Julien Féré (SNCF) : « Le danger du sujet RSE, est qu’il est très à la mode»
Le directeur de la communication Voyages chez SNCF répond à nos questions à quelques jours de l’événement de « Impact. Le point sur la RSE » organisé le 7 mai par CB News et Havas Media et dont SNCF est partenaire.
CB News : Comment les politiques RSE doivent-elles s’inscrire dans la communication des marques ?
Julien Féré - Vous vous souvenez du slogan des frites Mc Cain dans les années 90 « C’est ceux qui en parlent le moins qui en mangent le plus » ? Jusqu’à peu, au sein de Voyages SNCF, nous étions assez convaincus par cet adage en la matière. Nous ne voulions paraître ni opportunistes, ni imprécis. Mais les choses ont changé. D’abord car il s’agit de répondre à l’intérêt, voire l’engouement des Français pour ces sujets. Et puis aujourd’hui, nous avons des chiffres, des éléments tangibles à partager, notamment grâce à l’étude conduite avec l’ADEME pour comparer les émissions de GES des différents moyens de transport. Nous avons mis en place un programme commun à toutes nos marques : Ouigo, INOUI, et Intercités : « Planète Voyages » et avons ajouté un pilier vert à chacune de nos plateformes de marque. Le tri des déchets à bord, la recherche du meilleur type d’énergie sont des réalités depuis longtemps, nos arguments sont les mêmes, mais la façon de les délivrer a changé. Ils doivent désormais s’inscrire dans nos outils de communication, nos créations publicitaires par exemple, reprennent ces éléments, avec un fonds commun mais une forme propre à chaque marque : un ton, un humour, une patte, une DA très différente. De sorte que ce qui semble être une nouvelle donne n’apparaisse pas comme une verrue mais bien une extension naturelle de nos territoires de communication.
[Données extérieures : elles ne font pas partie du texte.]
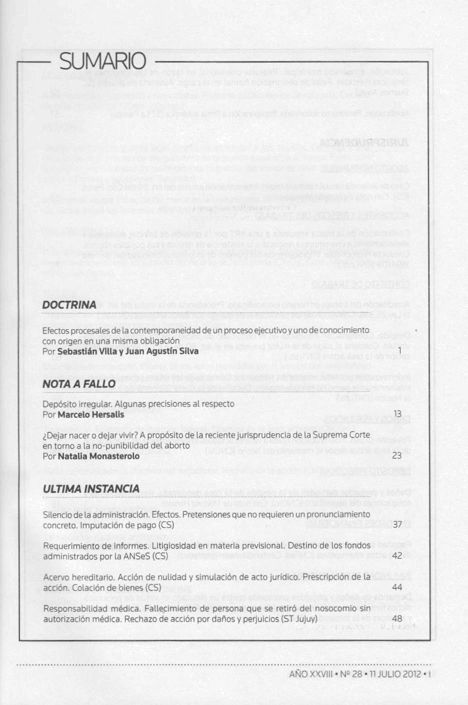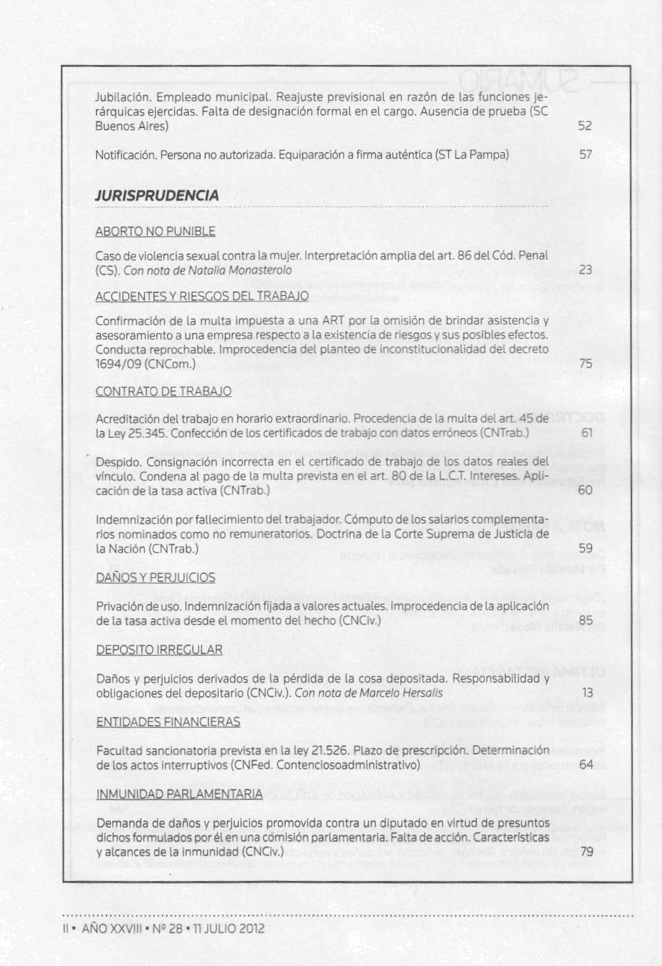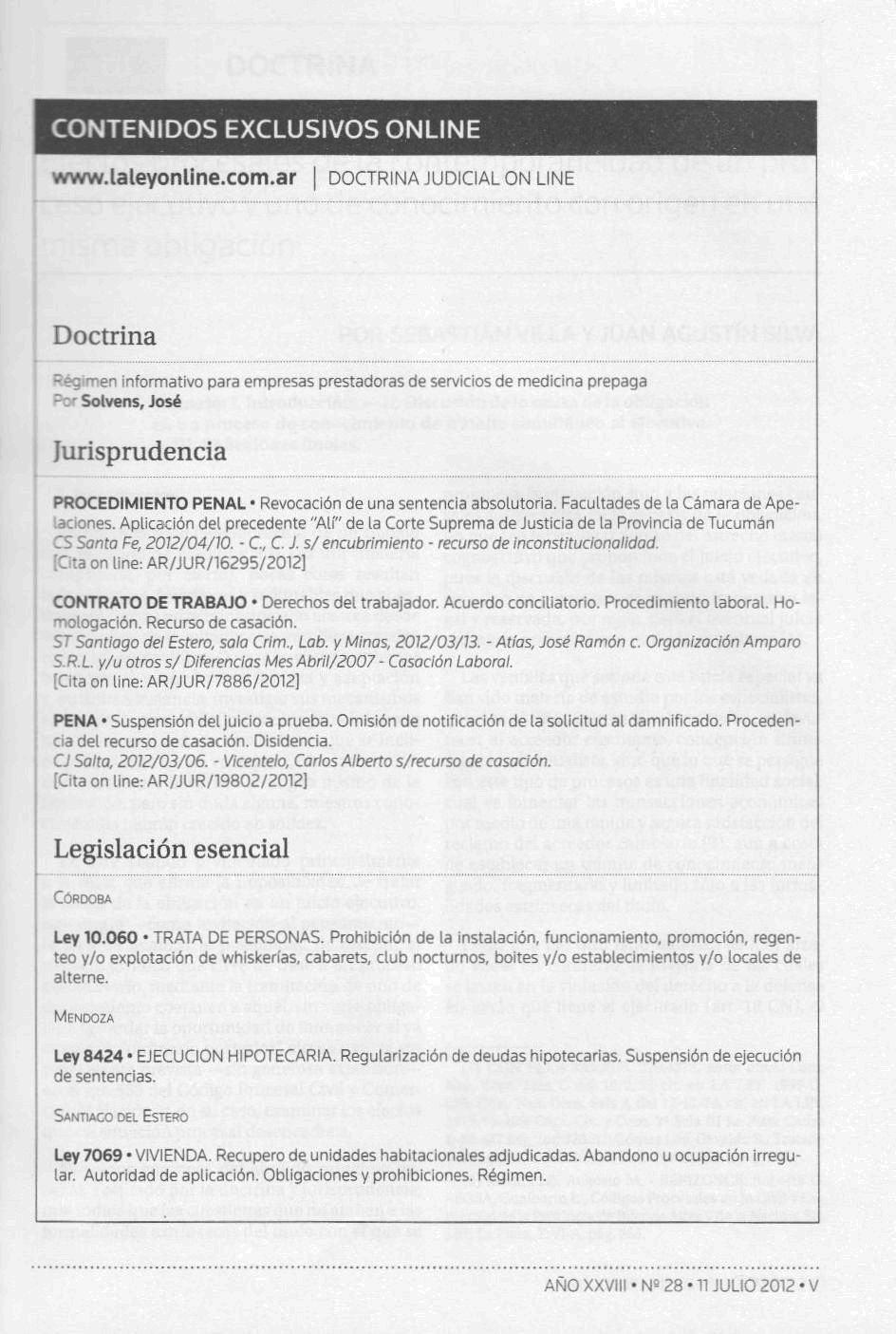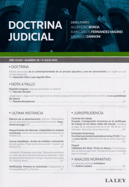 Doctrina judicial / Alejandro Borda ; Juan Carlos Fernández Madrid ; Eduardo A. Zannoni, directores ; Fulvio Germán Santarelli, subdirector. -- Año 28, no. 28 (jul. 2012). -- Buenos Aires : La Ley, impresión 2012. 104 p.; 24 cm.
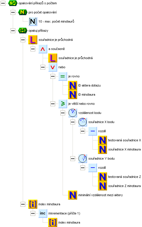 Podobně budeme testovat kolizi s minotaury. Projdeme seznam všech minotaurů a ověříme, zda je tazatelem dotyčný minotaurus nebo zda je vzdálenost dostatečně velká. Pozor však na to, že funkce je volána z funkcí, které procházejí seznam minotaurů. To znamená, že po návratu z funkce musí index v seznamu minotaurů ukazovat na stejnou pozici. Proto se index v seznamu nenastavuje na výchozí hodnotu a seznam se prochází úplně celý (celý se jednou projede), i kdyby byl výsledek testu už jasný. Tím se zajistí neporušenost indexu. Raději bychom si měli k funkci do poznámky připsat na to upozornění.

CB News- En tant que directeur de la communication, comment gérez-vous l’ensemble des points sur lesquels peuvent s’exprimer vos engagements RSE : le fond des messages, la diversité des castings, l’impact carbone de vos plans médias, … ?
Julien Féré - Nous avons un cahier des charges très strict, qui prend en compte les politiques RSE mais aussi la gestion des ressources humaines des agences avec lesquelles nous travaillons. Cette dimension compte pour un quart de leur note globale en compétition. Nous veillons bien sûr à la notion de diversité dans nos castings, non seulement pour être en accord avec un principe de représentativité, mais aussi par souci de modernité. Nos agences média quant à elles, font une grosse part du travail, en veillant à ce que nous travaillons avec des régies s’engageant à utiliser des encres Imprim’Vert, du papier recyclé, comme c’est le cas pour les cartes du bar de nos TGV INOUI. Côté production, nos campagnes sont certifiées 100 % made in France depuis 2018. C’est une somme de petits détails qui s’additionne avec beaucoup d’humilité, dans une démarche d’amélioration continue, tout en ayant conscience que nous ne sommes pas dans une position d’exemplarité.
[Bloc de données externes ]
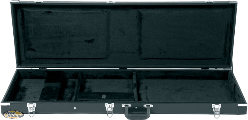 Véritable écrin pour votre basse électrique (format standard), l'étui bois rectangulaire offre une protection optimale parant à tous les chocs de la vie quotidienne. Recouvert simili cuir, casier de rangement, intérieur peluche noire. Finition noire.
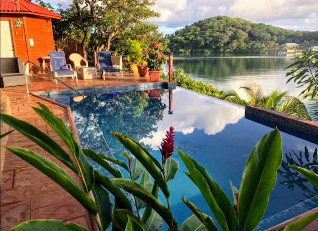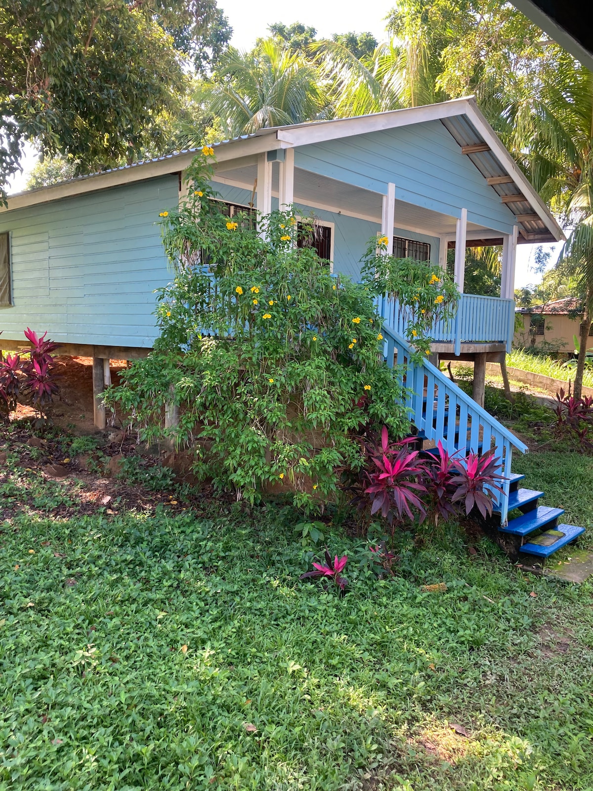 This cozy casita (studio) has a warm tropical feel. It's near the pool but not too close. It has a fully equipped kitchenette with everything you need to prepare meals and keep you're drinks cold. The bathroom has a large shower and plenty for room you to get ready for your night in West End. Sip on your morning coffee on your private deck and watch the wild macaws fly in for their morning visit. The lush jungle is all around you with the breezes to keep you cool while you relax in the hammock.
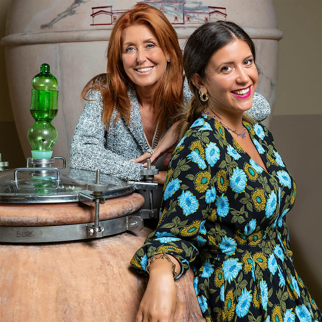 Mother, daughter and the traditional clay orcio in which they are fermenting the new Syrah
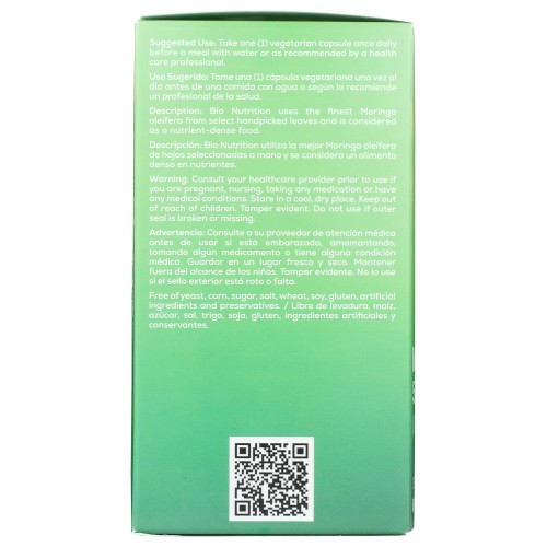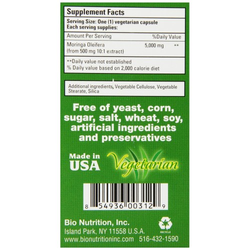 BIO NUTRITION: Moringa 5000 mg Super Food, 60 vegetarian capsules

CB News- Quel est l’enjeu en matière de RSE pour vous aujourd’hui ?
Julien Féré - Aujourd’hui il nous appartient de construire des preuves de nos engagements. Les événements comme cette matinée y participent. Le danger de ce sujet, de la RSE, est qu’il est très à la mode. Cela peut donner l’impression que nous partons de zéro, que nous en sommes aux balbutiements de nos efforts, ce qui est loin de la réalité. Au sein de la SNCF par exemple, la rénovation des trains, qui ont plus de 30 ans de durée de vie, est un sujet qui mobilise l’entreprise depuis toujours, tout comme l’éco conduite que l’on retrouve au cœur de nos outils de com interne dès les années 60. Le réel impact de notre politique de développement durable se mesure par les progrès déjà réalisés sur l’exploitation de nos trains, que ce soit en matière de durabilité, de recyclabilité, de gestion des déchets, et sur le sujet de l’énergie qui est notre deuxième grand chantier. La communication doit agir comme un révélateur.
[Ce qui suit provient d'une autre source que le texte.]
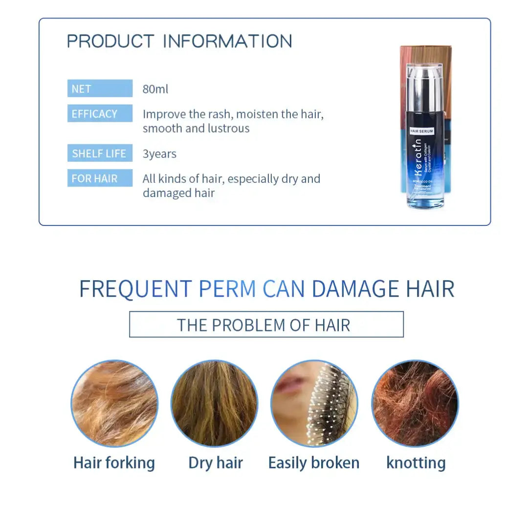 Get smooth, silky, and frizz-free hair with Keratin Moisturizing & Smooth Hair Serum enriched with Morocco Oil. This advanced hair serum is designed to nourish, repair, and protect hair from dryness and damage while giving it a natural, healthy shine.
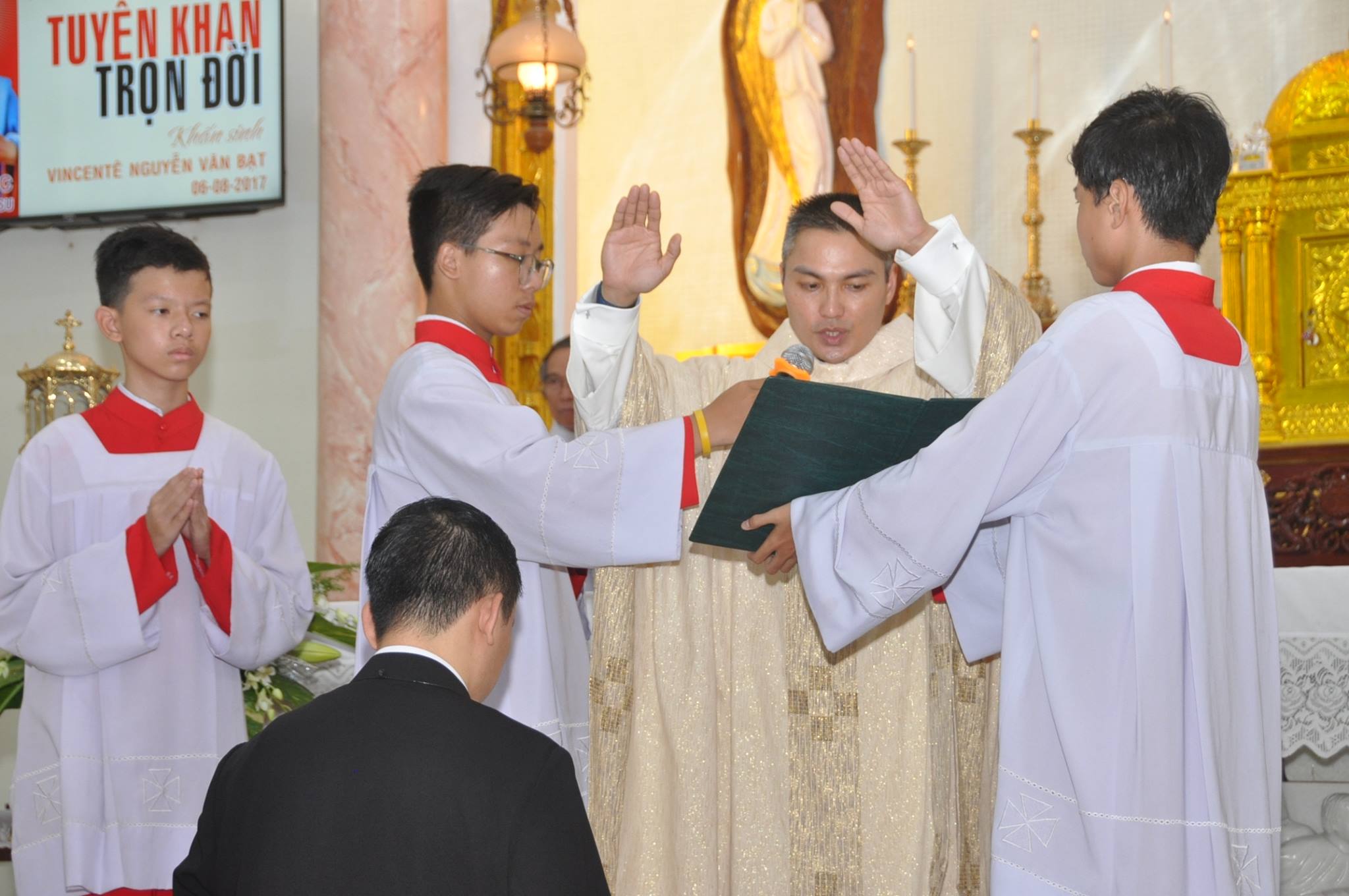 First, we celebrated the final profession of Br. Vincent Bat Nguyen. It was a very special event for both the district and his family. The celebration was done at Br. Vincent’s home parish where more than 500 of his family members, friends, and neighbors attended the ceremony. On Sunday, August 6, the celebration began with the grand procession with Br. Vincent Bat’s family, SCJs, priests and then Br. Vincent and the main celebrant, Fr. Francis Vu Tran.

Sur ce sujet plus que sur tout autre, il est essentiel aujourd’hui de ne pas être le seul émetteur de nos messages. Ils doivent être relayés en externes, par des leaders d’opinions, des associations, des influenceurs, des partenariats vertueux comme celui que nous avons mis en place avec le navigateur François Gabart par exemple. En s’associant à sa quête d’une voie « plus verte » pour la voile, nous donnons du souffle à nos engagements pour le train. Et ce qui est valable en externe doit l’être encore plus en interne. Le mieux placé pour vous dire que voyager en TGV INOUI, c’est émettre 50 fois moins de CO2 qu’en voiture et 80 fois moins qu’en avion, c’est encore le chef de bord.